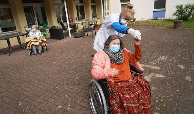 На фото пациентка с деменцией и служащая дома престарелых в Берлине
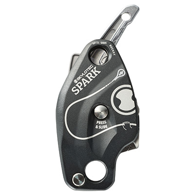 SPARK 下降器適用於高強度連續使用,不具備防恐慌功能(without anti-panic function),可快速、精確地進行繩降,符合人體工學,配有直觀的繩索引導裝置,100% 金屬材質,可防止繩索磨損
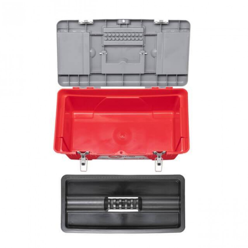 Виготовлені ящики з якісного пластику, стійкого до механічних пошкоджень. Конструкція добре справляється з навантаженнями, тримає форму та не деформується при транспортуванні важких інструментів.
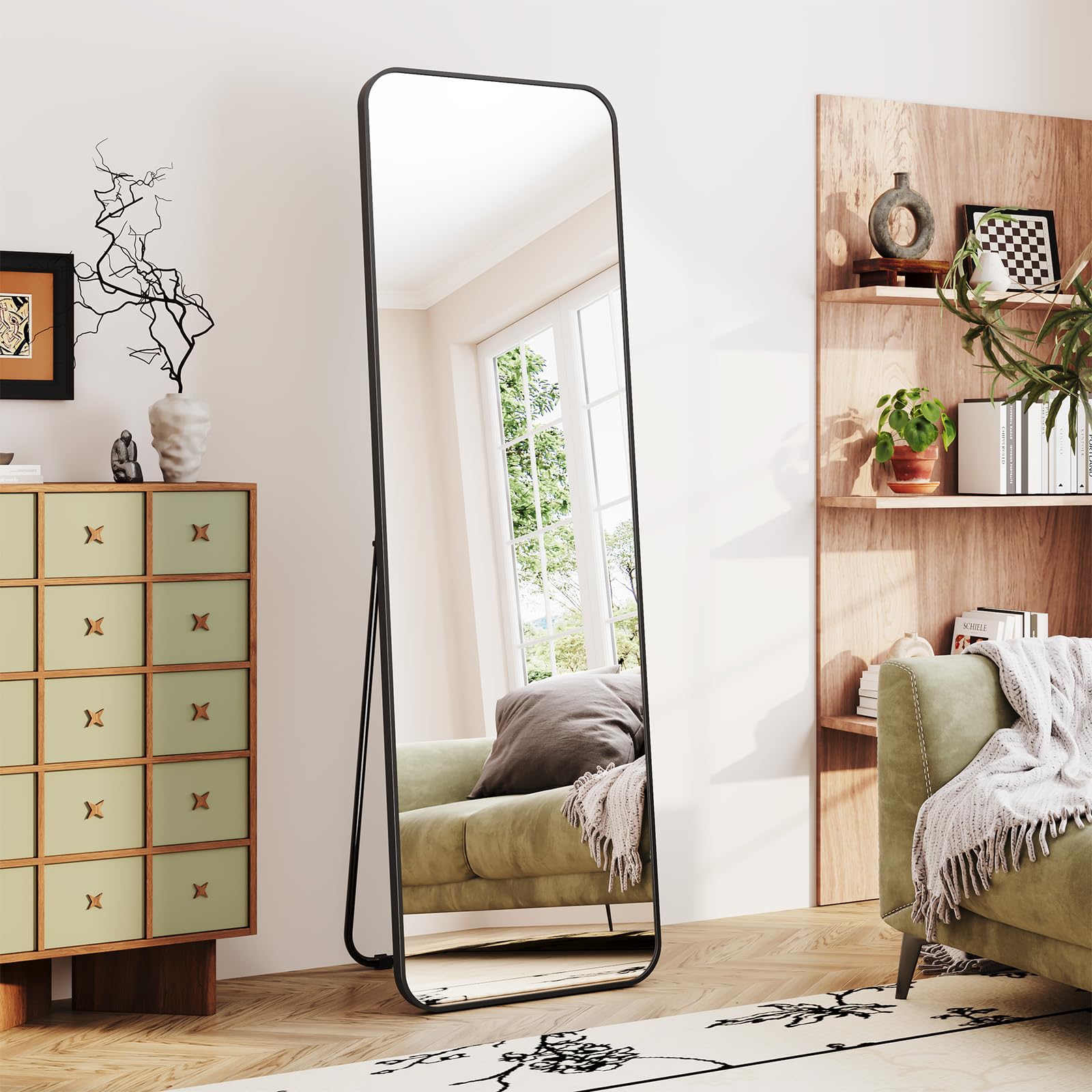 - Modern Durable Design: This floor mirror has a sleek, thin aluminum alloy frame with rounded corners for safety and style. Its back is sealed with medium-density fiberboard, ensuring both safety and longevity
##########
» **Action item**
Please repeat the lines of the material above exactly, starting with the line that contains "SPARK 下降器適用於高強度連續使用,不具備防恐慌功能(without anti-panic" and ending with the line that contains "Виготовлені ящики з". Leave the pictures out.

» **Response area**
 SPARK 下降器適用於高強度連續使用,不具備防恐慌功能(without anti-panic function),可快速、精確地進行繩降,符合人體工學,配有直觀的繩索引導裝置,100% 金屬材質,可防止繩索磨損
 Виготовлені ящики з якісного пластику, стійкого до механічних пошкоджень. Конструкція добре справляється з навантаженнями, тримає форму та не деформується при транспортуванні важких інструментів.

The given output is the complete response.